In recognition of his defence of Badajoz, Philippon was promoted to general of division on 9 July 1811, and he remained in command of the fortress's garrison. When the Allies returned to lay siege to the town in 1812, Philippon's defences once more obstructed attempts to capture it. The obstructions he constructed made the breaches in the fortress's walls impregnable, and Badajoz was only captured following the unexpected success of a diversionary escalade. When the town fell to the Allies on 6 April, following the Battle of Badajoz, Philippon retreated to the outlying fort at San Cristóbal, across the Guadiana river, but was forced to surrender the following day. He was taken first to Lisbon, and then shipped to England, where he took up residence in Oswestry. In July 1812, however, he broke his parole, left Oswestry, and with the help of smugglers from Rye, Sussex, he returned to France.
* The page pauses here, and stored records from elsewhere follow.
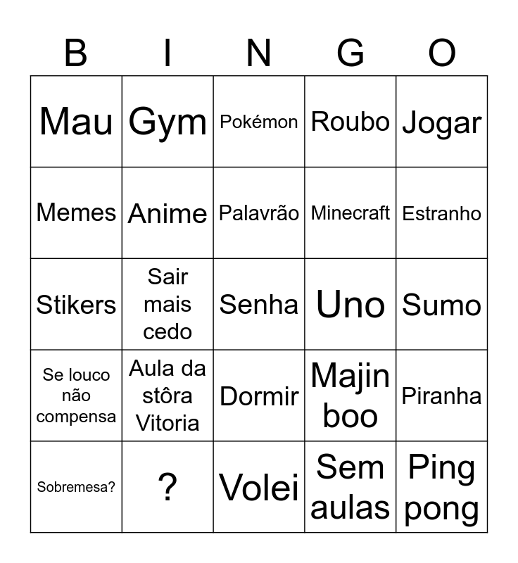 This bingo card has 35 words: Sono, Clash, Lucas atrasado, Anime, Dormir, Roubo, Memes, Piada de merda, Palavrão, Parabéns, Stikers, Jogar, ACI, Lucas meio a dormir, Mau, Uno, Sem aulas, Sair mais cedo, Se louco não compensa, Senha, Majin boo, Sobremesa?, Piranha, ?, Pokémon, Estranho, Ping pong, Matrecos, Minecraft, Sumo, Molhos, Volei, Aula da stôra Vitoria, Gym and Deu merda.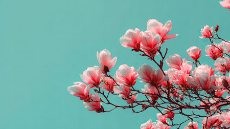 A stunning display of soft pink magnolia blossoms contrasts beautifully against a serene turquoise sky, encapsulating the essence of springtime.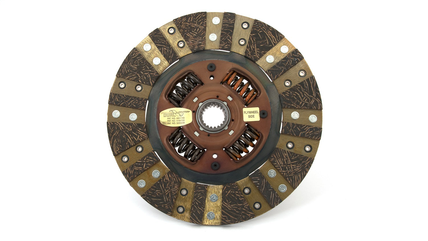 The Centerforce(R) Dual Friction(R) Clutch Series is a performance matched pressure plate & disc combination featuring the patented Centerforce centrifugal weight system (where applicable) and specialized machining processes to provide a performance clutch that offers exceptional street characteristics, while offering outstanding holding-capacity and durability. Furthermore, the Centerforce Dual Friction disc has an organic full facing on one side for longevity and an organic segmented facing on the other side providing increased holding capacity. Some applications have the organic segmented facings of both sides. The Dual Friction clutch is engineered for those who are looking for the ultimate in street/strip holding power and performance without sacrificing pedal effort and driver control. While the Dual Friction has been engineered primarily as a street clutch it can be used in mild competition applications.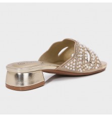 GML1039 نعال كعب بناتي مرصع بالستراس والآلئ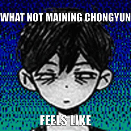 A pixelated meme featuring Chongyun from Genshin Impact, expressing 'What not maining Chongyun feels like'.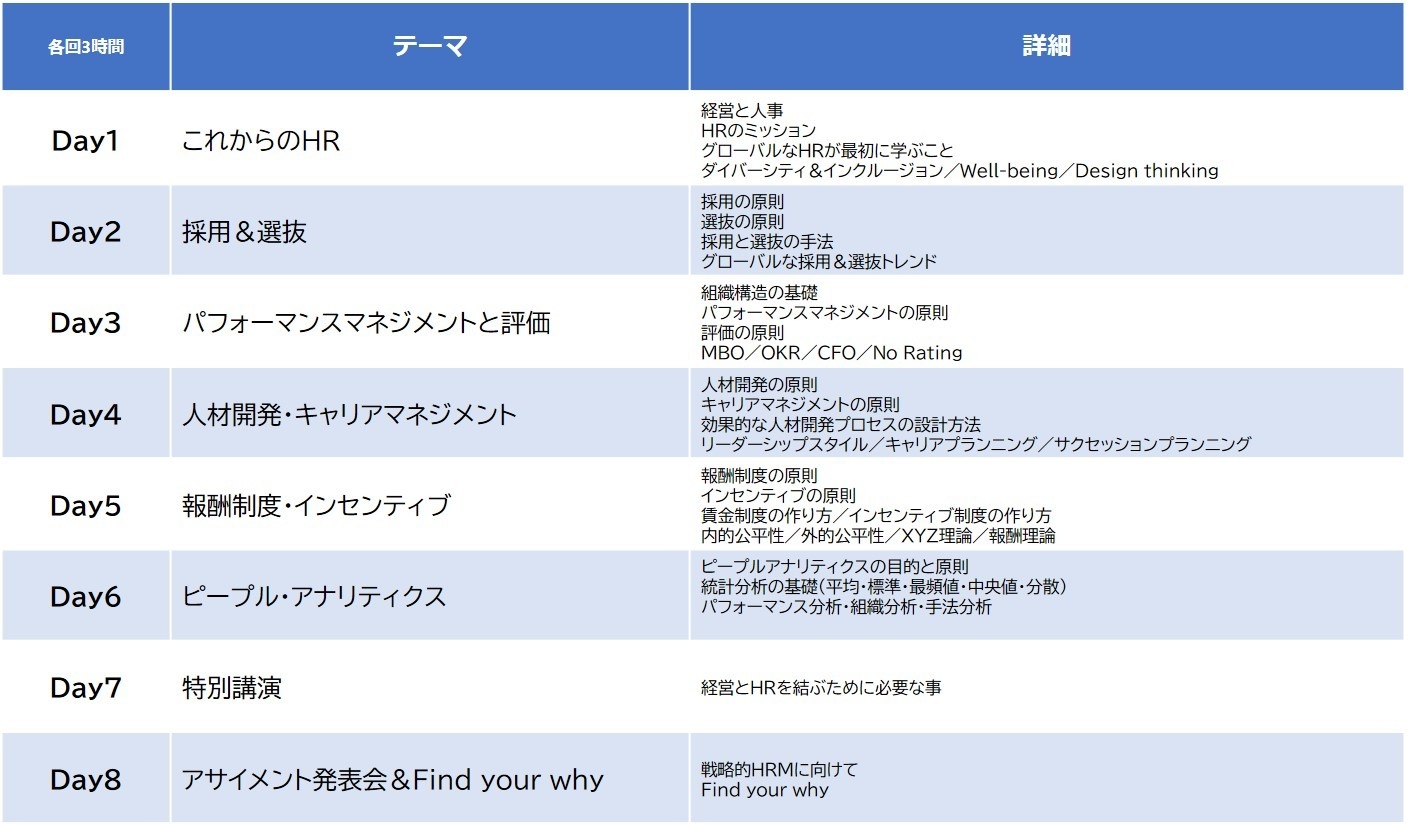 HRBP養成講座は、Day1からDay8までの8講座構成となっており、まず全体像を掴み、HRの各領域をテーマとした講義で理解を深め、特別講演で実践のヒントを得る構成となっています。

Having returned to the Grande Armée in August 1812, Philippon was given command of the 1st Division, 1 Corps on 23 March 1813. In April of that year, he transferred to 11 Corps, and campaigned with General Dominique Vandamme in Bohemia. It was Philippon's skilled manoeuvring following the Battle of Kulm that allowed the remnants of the Vandamme's army to retreat to Dresden, where Philippon was made prisoner along with Laurent Gouvion Saint-Cyr's Corps.

Returning to France at the time of the First Restoration, Philippon was created a Knight of Saint Louis, retired from military service on 15 January 1814, and died on 4 May 1836.